School: The Academy for Science and Design, Nashua, NH

Teacher: Kevin Harbison

"The concept of life in outer space has intrigued and excited the minds of many. For centuries, we have theorized about life outside of Earth. Discovering life in outer space could open doors for science, leading us to places we have never ventured. It could answer questions about how life operates in low gravity, how organisms may function with different structures and the different applications of genetic information. Our group has finally decided that the Enceladus Plumes are the leading candidate for the next search for extraterrestrial life. Our basis of judgement was the ability to harbor life. This includes whether the location accommodated and contained liquid water, a stable environment, an energy source, and certain chemicals required for life.

To sustain life, an environment must hold liquid water. There is definite evidence that proves that there is water on Enceladus. That evidence comes in the form of silica nanograins. These microparticles only form in liquid water and an environment whose temperatures exceed 90 degrees (19 degrees F). They were found in the E ring, which derives a majority of it's material from the Enceladus Plumes. As well as proving that there is liquid water on Enceladus, we also know that Enceladus is geothermally active from the swaths of new land on it's surface. This creates a theoretically stable environment. Organisms would be living under 19-25 miles of ice and approximately 6 miles underwater in order to get the heat from the near-center of the moon. Not only does Enceladus have the requirements for water, an energy source, and a stable environment, but it's Plumes also contain chemicals required for a sustainable environment such as nitrogen, hydrocarbons, carbon dioxide, and methane.

The discovery of life on Enceladus would massively propel science and technology. If extraterrestrial life were present, we would be able to observe how basic lifeforms counteract the issues of prolonged existence in habitats with low gravity. We could also learn other ways in which life functions genetically and how it affects the Laws of Evolution.
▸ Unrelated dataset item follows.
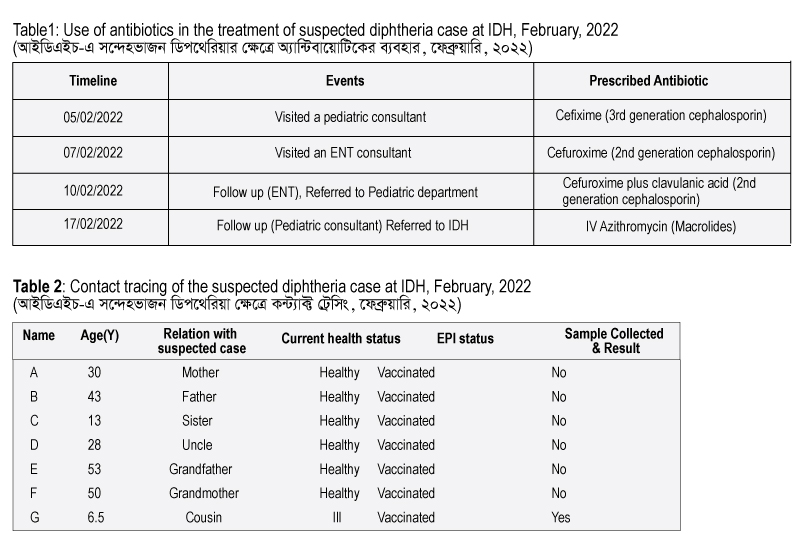 ২০১৮ সাল থেকে সংক্রামক ব্যাধি হাসপাতালে ভর্তি সন্দেহভাজন ডিপথেরিয়ায় আক্রান্ত স্থানীয় রোগীর সংখ্যা এখন পর্যন্ত ১৮ জন। এরকমই একটি সন্দেহভাজন ডিপথেরিয়া রোগী সম্পর্কে অবহিত করা একটি চিঠি সুপারিনটেনডেন্ট, সংক্রামক রোগ হাসপাতাল (আইডিএইচ) দ্বারা ২০২২ সালের ফেব্রুয়ারিতে আইইডিসিআর-এ পরিচালকের কাছে পাঠানো হয়েছিল। একজন মেডিকেল অফিসার এবং একজন মেডিকেল টেকনোলজিস্ট নিয়ে গঠিত একটি দল, কেসটি দ্রুত তদন্ত ও নমুনা সংগ্রহ করার উদ্দেশ্যে পাঠানো হয় কারণ আইইডিসিআর প্রাদুর্ভাব তদন্ত, প্রতিক্রিয়া এবং সংক্রামক রোগ নজরদারির জন্য একটি সরকারী বাধ্যতামূলক প্রতিষ্ঠান। সেই কেসটি এখানে বিস্তারিত আলোচনা করা হলো।

Evolution states that all creatures on the planet came from the same organism, which is why all organisms use DNA. If creatures that could not have inherited a DNA from Earth also use it, it suggests that either we got our genetic system from the same source or that the DNA/RNA system is the only system that can carry, execute, and replicate genetic information. Finding life away from Earth would yield tremendous scientific results and benefit future space explorations.

Life is a miraculous and fascinating phenomenon. It is crucial for the Cassini mission to look for any chance of extraterrestrial life in our solar system. We must take advantage of the ideal location that the Cassini probe is in, to provide imperative information that would otherwise take years to reach. That information would be put to use for future missions to Mars. We believe the Cassini mission to Enceladus will answer one of nature's greatest secrets and further our understanding of the universe."